[Dataset entries Boundary: Start]

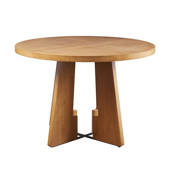 Redefine your dining space with the simple, modern style of the INK+IVY Kennedy 44" Diameter Round Dining Table. Finished in beautiful pecan wood veneer, this round dining table features a natural wood grain flipped in different directions on the table top to create an eye-catching pattern. An open X-base design provides sturdy support, while also adding to the visual appeal of the contemporary design. Measuring 44" in diameter, this modern dining table comfortably seats 4 people and adds a warm and inviting update to your dining room. Base assembly is required and tools are included.
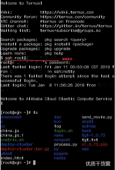 安装ssh后,可以直接在手机上远程登录Linux服务器,如下:
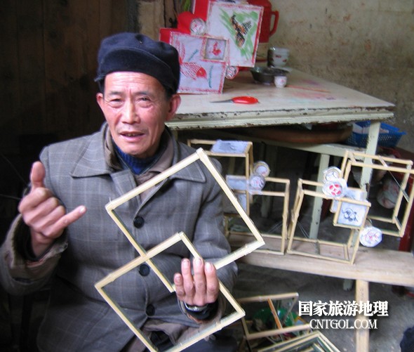 年逾六旬的老藝人在扎制慶燈。鄒善水 攝
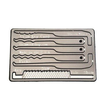 Built for overlanders, off-roaders, and preparedness-minded civilians, the Grim Key Card is a complete lock-picking and escape toolset packed into a stainless steel card the size of a credit card. Whether you're accessing locked gear boxes, dealing with a vehicle lockout, or performing emergency egress, this tool ensures you're never caught without a backup plan.
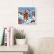 Relógio Quadrado Wheaten Terrier correndo em neve com chapéu de Nat
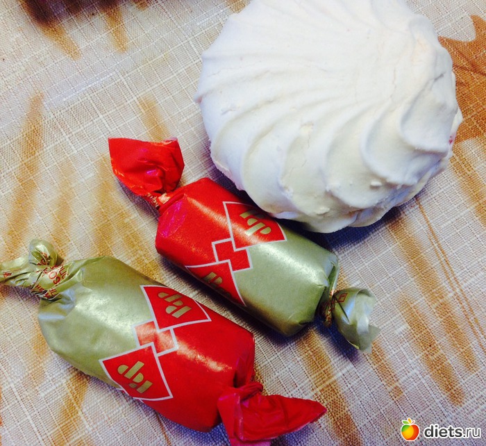 Сладости выглядят устрашающе, но, по сути за день 2 зефирки и 4 конфеты.
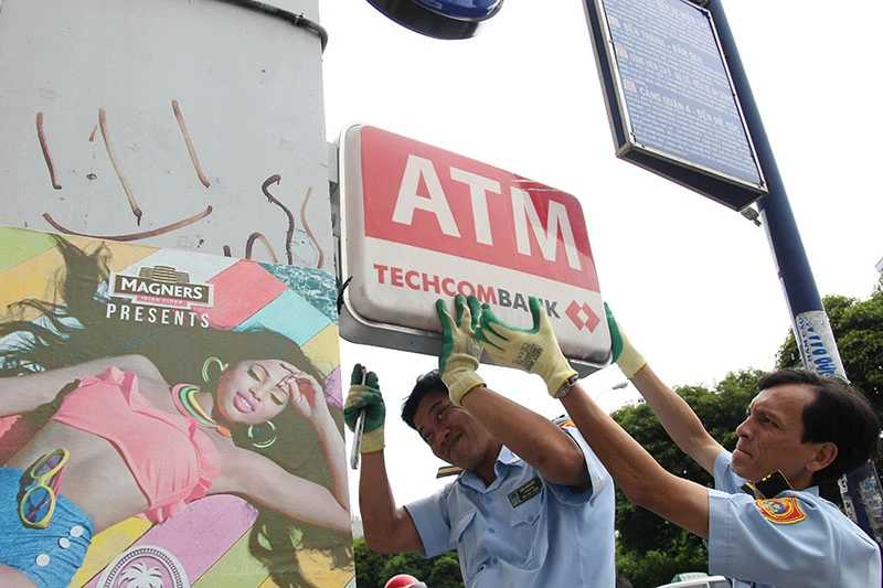 Bảng ATM nằm trên bức tường ngay lề đường cũng bị gỡ bỏ. Riêng bức tường chắn lối người đi bộ, ông Hải yêu cầu lập biên bản và phá dỡ. Chi phí phá dỡ phía người vi phạm phải chịu hoàn toàn.
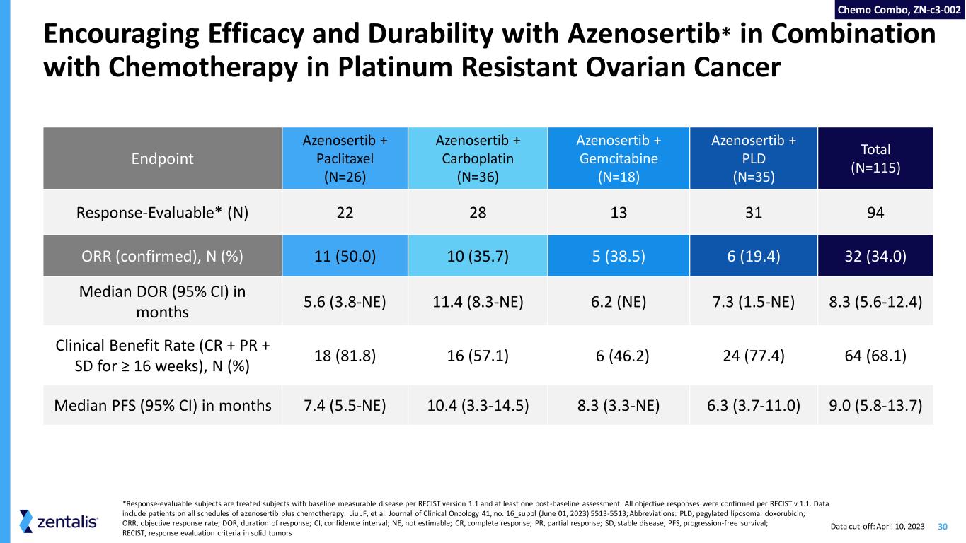 29 Azenosertib + Paclitaxel Azenosertib + Gemcitabine Azenosertib + PLD Azenosertib + Carboplatin Liu JF, et al. Journal of Clinical Oncology 41, no. 16_suppl (June 01, 2023) 5513-5513; Abbreviations: CRM, continuous reassessment model; QD, once daily; D, day; AUC, area under the curve; PLD, pegylated liposomal doxorubicin; MTD, maximum tolerated dose; RP2D, recommended Phase 2 dose; ORR, objective response rate; DOR, duration of response; PFS, progression-free survival ZN-c3-002: Phase 1b Combination Study in Platinum Resistant Ovarian Cancer Cohort assignment by availability and investigator preference Paclitaxel: 80 mg/m2 on D1, D8, D15 (28-day cycles) Objectives Gemcitabine: D1, D8 (21-day cycles) Carboplatin: AUC 5 mg/mL*min on D1 (21-day cycles) PLD: 40 mg/m2 D1 (28-day cycles) Dose Finding guided by a CRM Key Eligibility: Platinum-resistant/refractory; Up to 3 prior lines of chemotherapy Primary: Safety and Tolerability MTD and/or RP2D Key Secondary: Clinical Activity (Endpoints: ORR, DOR, PFS, CA 125) NCT04516447 Chemo Combo, ZN-c3-002
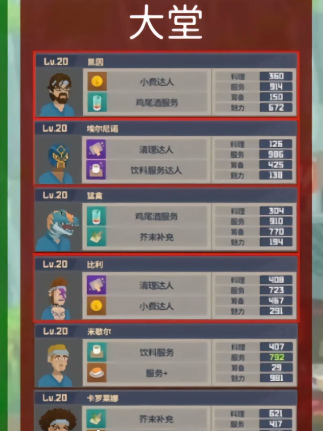 寿司店员工搭配和升级后的技能!

[Dataset entries Boundary: End]

Task: Restate verbatim the lines that begin at the one holding "Relógio Quadrado Wheaten" and end at the last line of the material. Exclude pictures.

Result below:
 Relógio Quadrado Wheaten Terrier correndo em neve com chapéu de Nat
 Сладости выглядят устрашающе, но, по сути за день 2 зефирки и 4 конфеты.
 Bảng ATM nằm trên bức tường ngay lề đường cũng bị gỡ bỏ. Riêng bức tường chắn lối người đi bộ, ông Hải yêu cầu lập biên bản và phá dỡ. Chi phí phá dỡ phía người vi phạm phải chịu hoàn toàn.
 29 Azenosertib + Paclitaxel Azenosertib + Gemcitabine Azenosertib + PLD Azenosertib + Carboplatin Liu JF, et al. Journal of Clinical Oncology 41, no. 16_suppl (June 01, 2023) 5513-5513; Abbreviations: CRM, continuous reassessment model; QD, once daily; D, day; AUC, area under the curve; PLD, pegylated liposomal doxorubicin; MTD, maximum tolerated dose; RP2D, recommended Phase 2 dose; ORR, objective response rate; DOR, duration of response; PFS, progression-free survival ZN-c3-002: Phase 1b Combination Study in Platinum Resistant Ovarian Cancer Cohort assignment by availability and investigator preference Paclitaxel: 80 mg/m2 on D1, D8, D15 (28-day cycles) Objectives Gemcitabine: D1, D8 (21-day cycles) Carboplatin: AUC 5 mg/mL*min on D1 (21-day cycles) PLD: 40 mg/m2 D1 (28-day cycles) Dose Finding guided by a CRM Key Eligibility: Platinum-resistant/refractory; Up to 3 prior lines of chemotherapy Primary: Safety and Tolerability MTD and/or RP2D Key Secondary: Clinical Activity (Endpoints: ORR, DOR, PFS, CA 125) NCT04516447 Chemo Combo, ZN-c3-002
 寿司店员工搭配和升级后的技能!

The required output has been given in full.